Set delete_unmatched=False for an upsert that does not delete rows missing from the source.

cdf_merge(target_table, cdf, on, *, metadata_cols=...) -> bool

Applies a Delta CDF DataFrame onto target_table. Filters update_preimage, dedupes by latest commit_version/commit_timestamp per key, and applies inserts / updates / deletes. Returns True when a merge happened, False for an empty CDF window.

from spark_lib.delta import cdf_merge, read_cdf

cdf = read_cdf("abfss://.../path/to/table/", start_version=last + 1)
applied = cdf_merge("db.table", cdf, on=["id"])

read_cdf(src_path, start_version) -> DataFrame

Convenience wrapper around spark.read.format("delta").option("readChangeFeed", "true").option("startingVersion", N).load(...).

merge_condition(pks) and column_map(cols)

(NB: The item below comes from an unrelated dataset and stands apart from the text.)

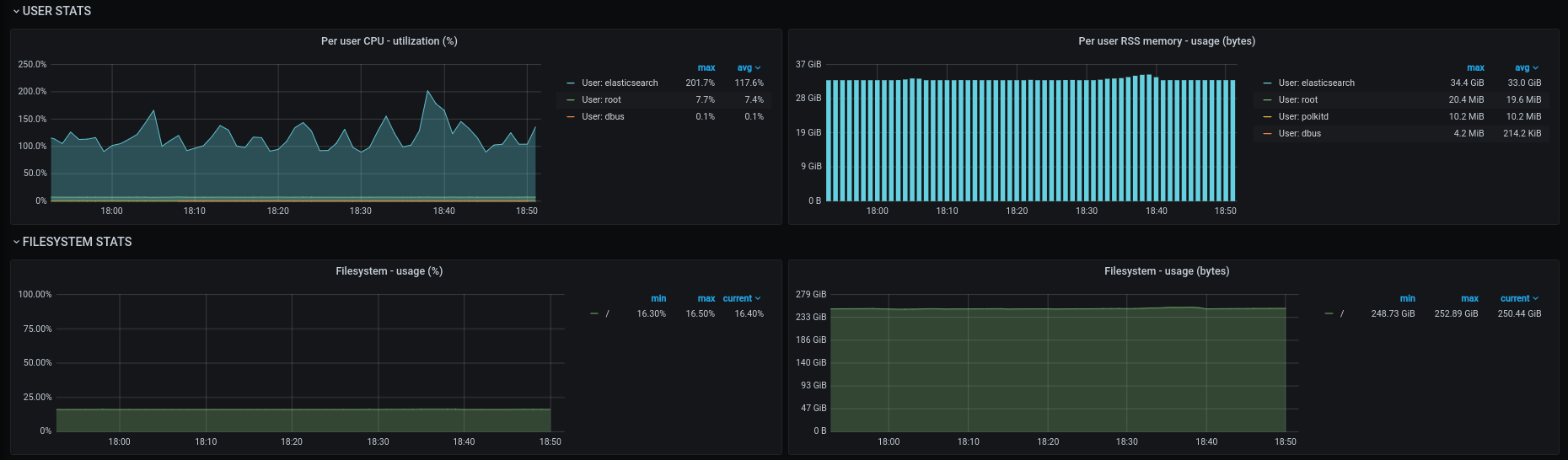 - Process stats, per process cpu utilization, per process RSS memory utilization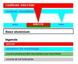 - la zone non-imprimante (ZNI), une surface non-imprimante recouverte d’une couche de silicate de sodium (sel) qui doit accepter l'eau (hydrophilie) et refuser l’encre grasse (lipophobie).

merge_condition(["id", "fk_id"])
# -> "t.id = s.id AND t.fk_id = s.fk_id"

column_map(["id", "value"])
# -> {"id": "s.id", "value": "s.value"}

spark_lib.sync — Incremental Delta Sync

End-to-end orchestration: snapshot vs CDF decision, fallback, state tracking, parallel execution.

Quick Start

from spark_lib.sync import SyncSpec, SyncState, run_sync

specs: list[SyncSpec] = [
    {
        "src_key":   "src.table",
        "src_path":  "abfss://container@acct.dfs.core.windows.net/SRC/TABLE/1.2/",
        "dst_table": "db.table",
        "pks":       ["id"],
    },
    # ... more specs
]

state = SyncState("db.__spark_lib_delta_sync_state")
successes, failures = run_sync(specs, state, max_workers=8, pool="delta_sync")

SyncSpec

A TypedDict describing one source:

Key Meaning
src_key Stable identifier, e.g. "db.table". Used as the state-table primary key.
src_path Source Delta folder URI.
dst_table Managed Delta table name.
pks Primary key columns for merge predicates and CDF dedup.

SyncState

Persists last-synced Delta version per src_key in a managed Delta table.

Method Purpose
ensure() Create the state table if it does not exist.
get(src_key) Last synced version for one source, or None.
load_all() Whole state table as Dict[src_key, version] — one scan.
upsert(result) Write one result row.
upsert_all(results) Batch many result rows in one MERGE.

sync_delta_to_table(...)

Sync one source. The decision tree:

  1. No prior version, or destination missing → initial snapshot (full overwrite).
  2. Source version unreadable → snapshot merge (preserves time travel).
  3. last_version >= current_versionalready current (no work).
  4. Otherwise → CDF merge from last_version + 1 to current_version. On any CDF error (e.g. CDF not enabled on source), falls back to snapshot merge automatically.

run_sync(specs, state, *, max_workers=4, pool=None) -> (successes, failures)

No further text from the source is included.